Monday, July 21, 2008

Perhaps we can start looking for a bottom

I have long said that so long as the months supply of housing available for sale is rising, it is not possible to know then the housing market will reach bottom (in terms of price). But the months supply measure has fallen pretty substantially since this winter, from a peak of 11.4 months to a current rate of 9.4 months. The inventory needs to get down to 5-6 months before inflation adjusted prices become stable. But the derivative finally has the right sign.


Anonymous said...

Richard ---

Think maybe the NSA numbers provided by economagic may be giving different numbers.

May be wrong, but I think the last existing home NAR measure was 10.8 months.

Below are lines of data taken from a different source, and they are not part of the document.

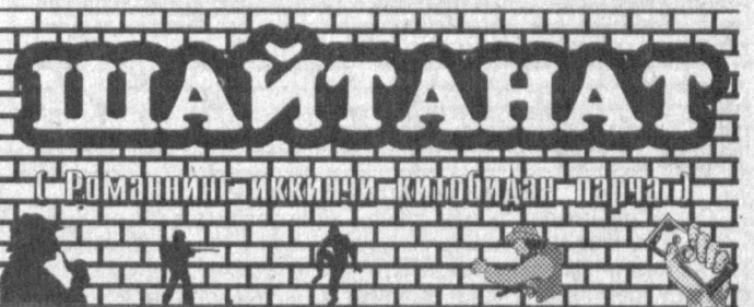
(Давоми. Боши газетанинг 111, 113-сонларида.)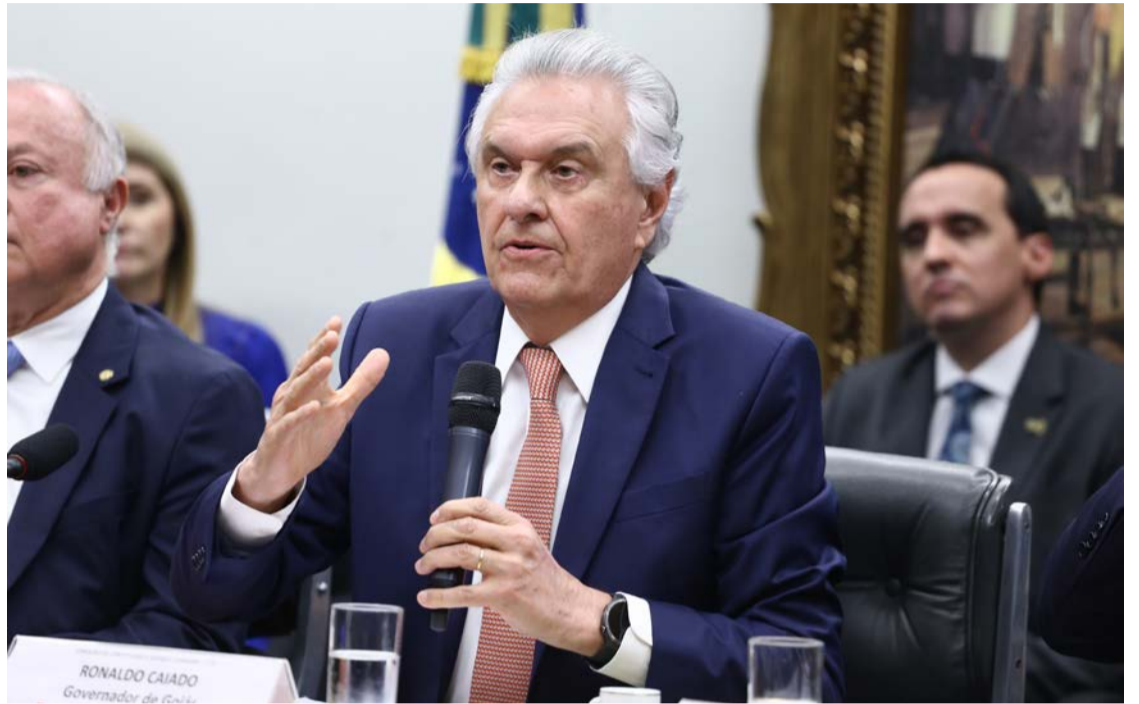
Ex-governador Ronaldo Caiado é apontado como o maior cabo eleitoral no país

Nenhum outro governador ostenta os números de Caiado. Quem mais se aproxima é o governador do Paraná, Ratinho Júnior (PSD), com 64%. O ex-governador de Minas Gerais Romeu Zema (Novo), também pré-candidato à presidência, merece eleger o sucessor para 42% dos mineiros. Outros 49% descartam a possibilidade. No Rio Grande do Sul, 39%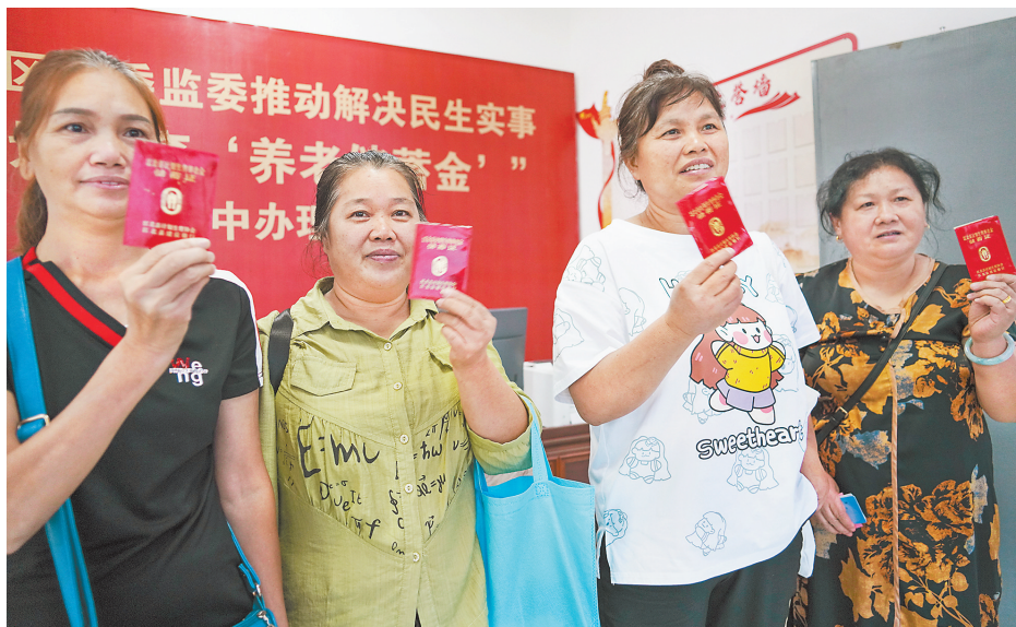
在江北区纪委监委的推动下，9月5日，“储蓄金”集中兑付会在复盛镇召开。

今年4月以来，南岸区纪委监委通过从信访举报中“摸”、审计和巡察报告中“找”、网络舆情中“搜”、码上举报中“挖”等方式，全面梳理群众反映的急难愁盼问题，逐一提出处置意见，形成建账对账销账闭环，推动解决村民用水难、危房改造、雨污混排、群众出行难等一批涉及面广、群众感知强的民生实事200余件，切实增强了群众幸福感、获得感，让人民群众感受到集中整治带来的新变化。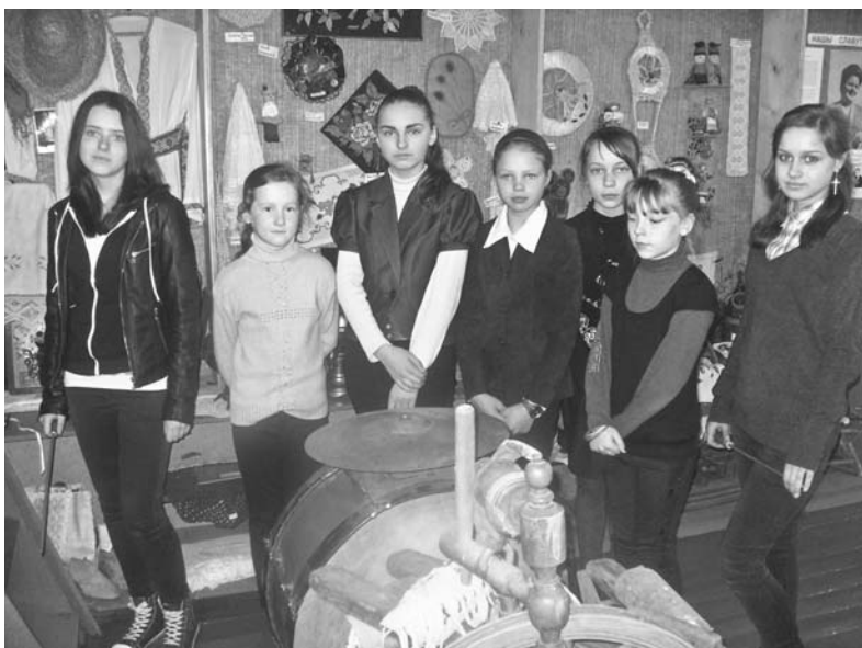
Члены гуртка «Музейзнаўства» ў сваім музеі.

ка — першыя ўрокі майстэрства таксама набыла ў нашай вёсцы. Жыццё і дзейнасць гэтых асоб з’яўляюцца прыкладам для нас, маладога пакалення.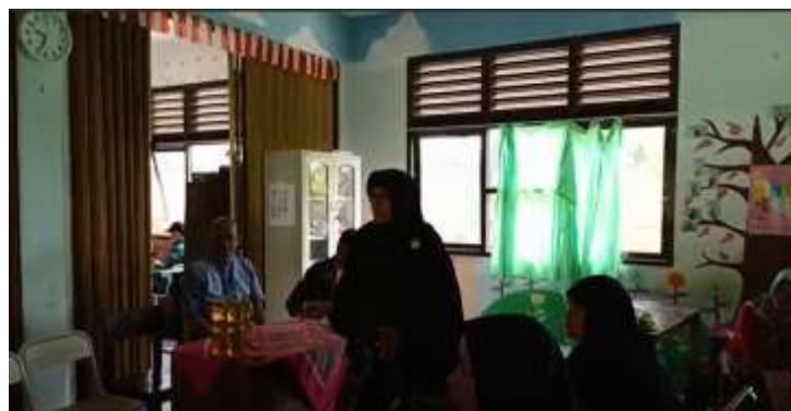
Gambar 4. Pemberian materi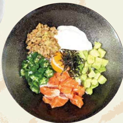
サーモンのねばねば丼 ワインたまご使用 1,150円(税込)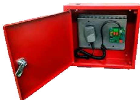
מיקרופון רחוק GERM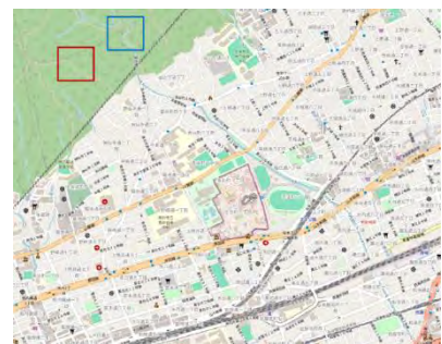
図 1 試験地位置図（赤：中尾谷，青：青谷）

本研究では、鳥居の手法 (3) と同様に、六甲山系南側斜面に位置する青谷試験地の表土層深実測データ（63 測点）を使用した。加えて、同じ六甲山系南側斜面に位置する中尾谷試験地において、簡易貫入試験を行い表土層深の実測データを得た（31 測点）（図 1 参照）。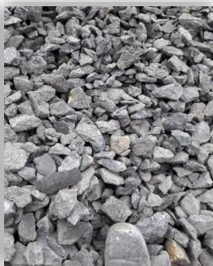
Materiali in ingresso

Consumo di carburante medio Motore: CAT C4.4 Tier 4 98 kW (131 CV) a 1800 giri/min Litri all'ora: 14 l/h (3,7 US gal/h) (media T-Link)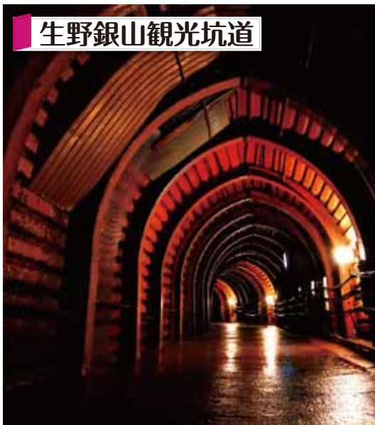
生野銀山観光坑道

Last Census new home measure was 10.9. Below peak, but not much.

gaius marius said...

mr dietz, i think the series more often cited in this respect is the seasonally-adjusted version.

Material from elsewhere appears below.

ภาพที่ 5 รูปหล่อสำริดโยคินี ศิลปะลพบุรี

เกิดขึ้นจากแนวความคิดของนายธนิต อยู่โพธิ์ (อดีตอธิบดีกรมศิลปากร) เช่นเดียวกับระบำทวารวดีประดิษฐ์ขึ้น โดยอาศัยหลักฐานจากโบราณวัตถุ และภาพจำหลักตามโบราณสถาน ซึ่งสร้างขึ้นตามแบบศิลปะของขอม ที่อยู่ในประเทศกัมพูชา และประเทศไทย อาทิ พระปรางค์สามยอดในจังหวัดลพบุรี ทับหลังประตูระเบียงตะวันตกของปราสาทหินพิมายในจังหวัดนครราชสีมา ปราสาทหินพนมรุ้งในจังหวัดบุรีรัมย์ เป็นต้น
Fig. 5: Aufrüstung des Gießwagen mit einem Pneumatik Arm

as to a bottom, i think its important to distinguish -- a bottom to what? a bottom in new starts may well be close at hand, i would concur, as those generally quickly follow inventory peaks. but the past examples i've studied of both smaller and regional housing busts indicate that the bottom in real prices -- which is i think what most people mean by 'the bottom' -- will follow seasonally-adjusted inventory peaks by some 8-12 quarters, though the pace of decline will moderate as inventories lower.

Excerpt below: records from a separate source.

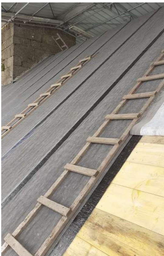
Vue de la volige et du feutre bitumé côté Sud du toit

11 mai : la volige et le feutre bitumé sont en place ; sur le côté Nord, début de pose des anciennes ardoises démontées et triées sur place ; un nettoyage ravivera les ardoises après la pose. Le versant Sud sera recouvert d'ardoises neuves.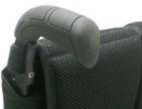
// LII030201 Schiebegriff, lang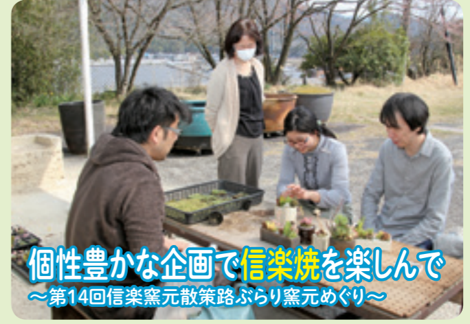
▲個性豊かな企画で信楽焼を楽しんで～第14回信楽窯元散策路ぶらり窯元めぐり～

「咲くや鮎河さくらまつり」が4月13、14日に土山町鮎河のうぐい川周辺で開催されました。春先の冷え込みで開花が遅れ、開催が1週間延期されましたが、13日は天候も良く、野洲川沿いや青土ダム周辺も合わせて約1600本の「鮎河千本桜」が満開を迎え、訪れた人々からは「きれい!」と歓声が上がっていました。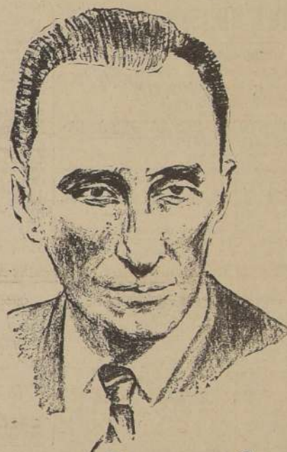
HORACIO WALKER LARRAIN FIGURA CUMBRE EN EL SENADO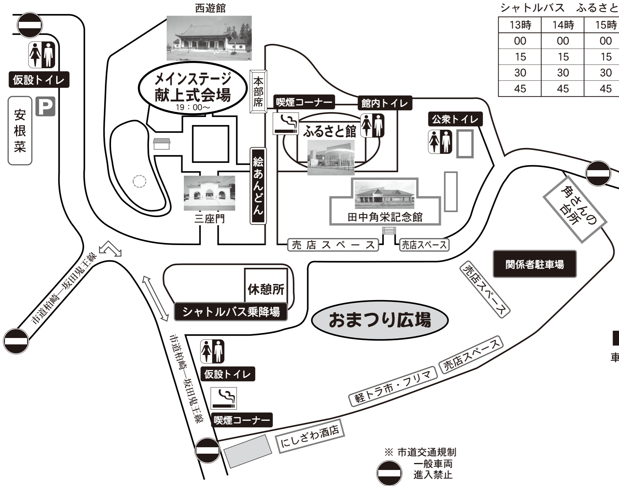
シャトルバス ふるさと公苑発車時刻

※ふるさと公苑付近は大変混み合うことが予想されます。駐車スペースが少ないので車で来場される方はなるべく乗り合わせておいていただくか、シャトルバスをご利用ください。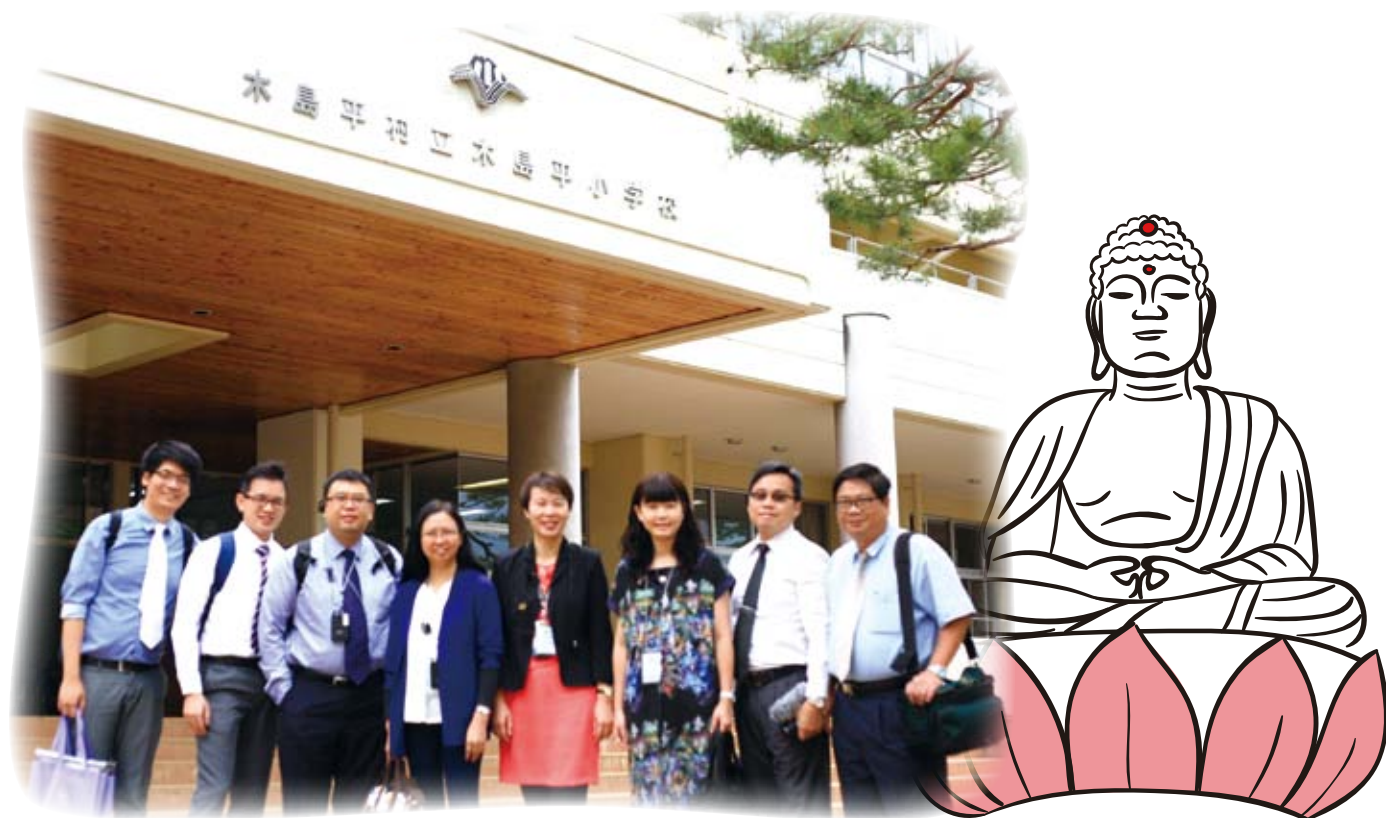
可立同寅拍照留念

在是次的考察交流中，我深刻體會到日本在推行協同學習後的一些學習成果。在協同學習中，學生的學習態度和思考方法，以至在整體教學理念上，那種平等和重視過程的概念，都很值得我們去反思和借鏡。

in other words, it seems likely (to me, at least) that house prices will continue falling for perhaps three more years. given that, year over year, price declines are still accelerating -- and that we are nowhere near normal, much less trough affordability ratios that would generate positive carry for landlords -- that seems all the more probable.

gaius marius said...

to toss in another two cents, i think we as optimists tend to make the mistake of presuming that mean reversion means reverting to the mean. but the mean wouldn't be the middle if the series didn't spend half its time below it.

i think its empirically quite well demonstrated that economic series to exhibit momentum. and that is why i don't take too much solace from mark zandi this week.

framing his data as "reverting from 25 to 20 on the way to 14" sounds heartening -- we're halfway there! -- but trough readings, not average, for valuation metrics are probably what is on the way. frames as "reverting from 25 to 20 on the way to 8" is both less assuaging and more realistic, i fear.